* **EXERCISE OBJECTIVE**
The expected output is every record below, transcribed exactly, with the pictures left out.

* **Stored items from a collection**
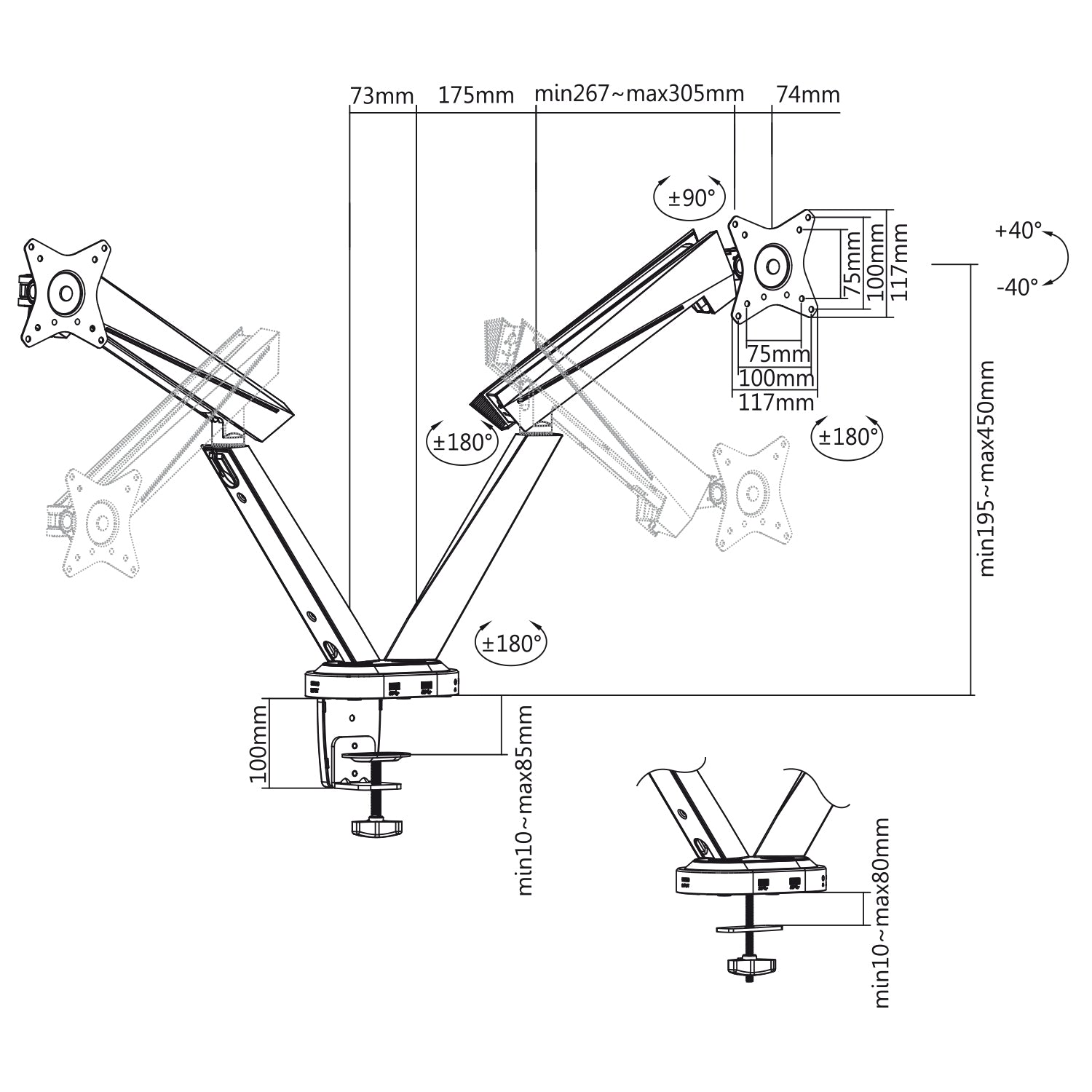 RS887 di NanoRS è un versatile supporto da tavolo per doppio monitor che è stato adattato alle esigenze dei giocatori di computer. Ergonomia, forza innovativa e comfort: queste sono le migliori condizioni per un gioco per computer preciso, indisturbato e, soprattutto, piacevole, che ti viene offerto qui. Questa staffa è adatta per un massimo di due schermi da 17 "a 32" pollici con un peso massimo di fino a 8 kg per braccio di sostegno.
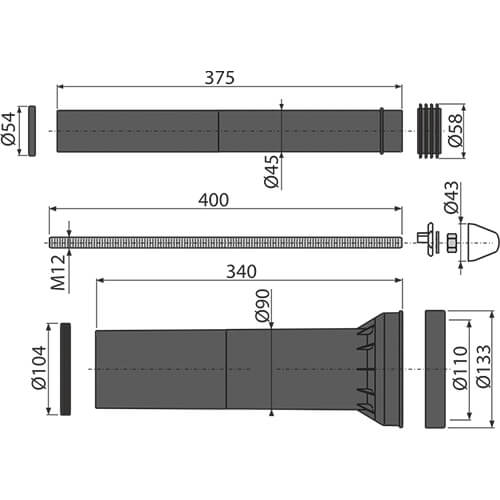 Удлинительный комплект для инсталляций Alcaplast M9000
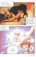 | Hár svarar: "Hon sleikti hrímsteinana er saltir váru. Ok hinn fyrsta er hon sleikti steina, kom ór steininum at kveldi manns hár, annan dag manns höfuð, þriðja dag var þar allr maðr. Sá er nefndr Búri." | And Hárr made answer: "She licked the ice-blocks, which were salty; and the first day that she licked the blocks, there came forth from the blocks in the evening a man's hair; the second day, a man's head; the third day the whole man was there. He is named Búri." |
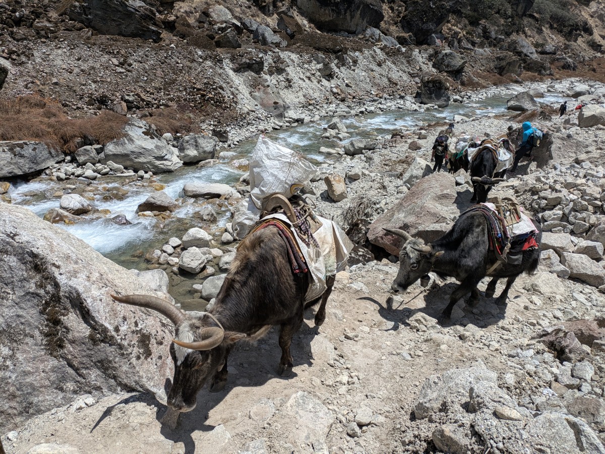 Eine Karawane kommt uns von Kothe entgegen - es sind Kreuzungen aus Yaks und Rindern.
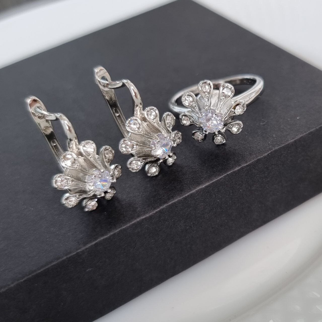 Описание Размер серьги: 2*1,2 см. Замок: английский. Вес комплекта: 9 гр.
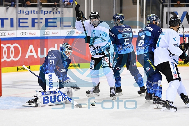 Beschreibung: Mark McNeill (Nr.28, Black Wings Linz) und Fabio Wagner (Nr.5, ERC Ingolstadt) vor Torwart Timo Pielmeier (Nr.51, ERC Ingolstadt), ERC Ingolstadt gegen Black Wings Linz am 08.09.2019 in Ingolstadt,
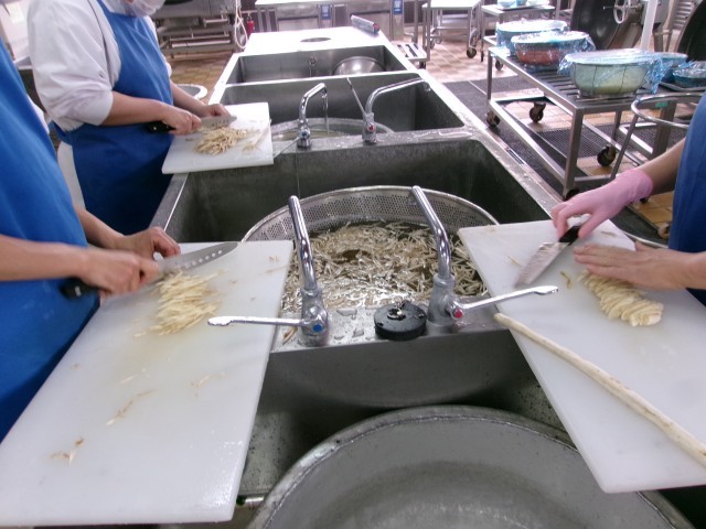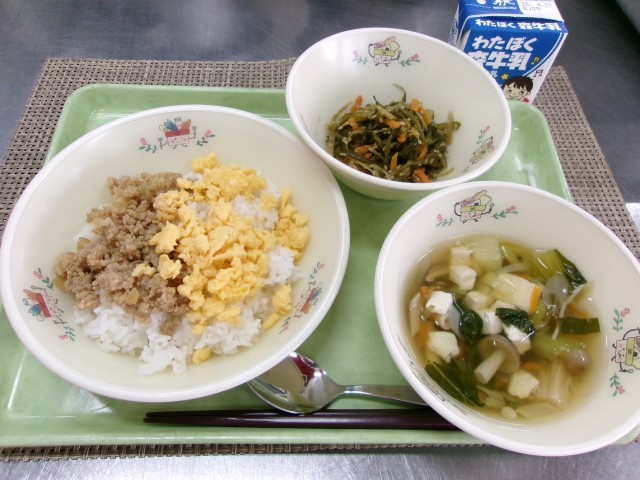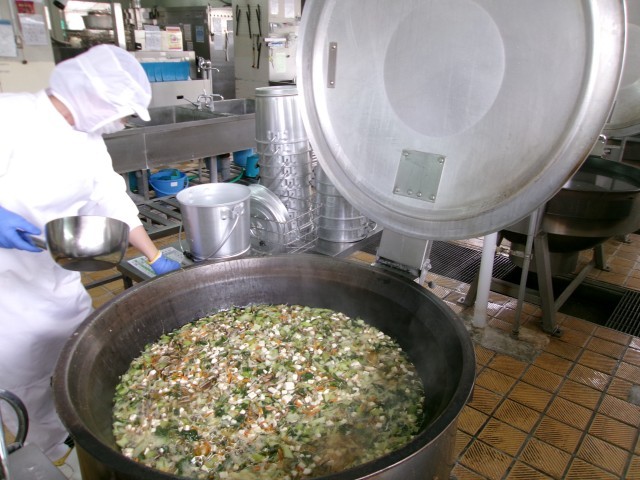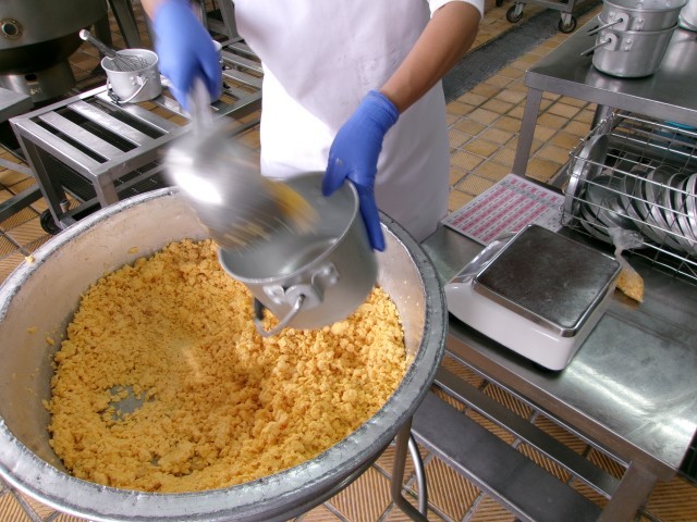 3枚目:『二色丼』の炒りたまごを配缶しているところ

* **WRITTEN SOLUTION**
 RS887 di NanoRS è un versatile supporto da tavolo per doppio monitor che è stato adattato alle esigenze dei giocatori di computer. Ergonomia, forza innovativa e comfort: queste sono le migliori condizioni per un gioco per computer preciso, indisturbato e, soprattutto, piacevole, che ti viene offerto qui. Questa staffa è adatta per un massimo di due schermi da 17 "a 32" pollici con un peso massimo di fino a 8 kg per braccio di sostegno.
 Удлинительный комплект для инсталляций Alcaplast M9000
 | Hár svarar: "Hon sleikti hrímsteinana er saltir váru. Ok hinn fyrsta er hon sleikti steina, kom ór steininum at kveldi manns hár, annan dag manns höfuð, þriðja dag var þar allr maðr. Sá er nefndr Búri." | And Hárr made answer: "She licked the ice-blocks, which were salty; and the first day that she licked the blocks, there came forth from the blocks in the evening a man's hair; the second day, a man's head; the third day the whole man was there. He is named Búri." |
 Eine Karawane kommt uns von Kothe entgegen - es sind Kreuzungen aus Yaks und Rindern.
 Описание Размер серьги: 2*1,2 см. Замок: английский. Вес комплекта: 9 гр.
 Beschreibung: Mark McNeill (Nr.28, Black Wings Linz) und Fabio Wagner (Nr.5, ERC Ingolstadt) vor Torwart Timo Pielmeier (Nr.51, ERC Ingolstadt), ERC Ingolstadt gegen Black Wings Linz am 08.09.2019 in Ingolstadt,
 3枚目:『二色丼』の炒りたまごを配缶しているところ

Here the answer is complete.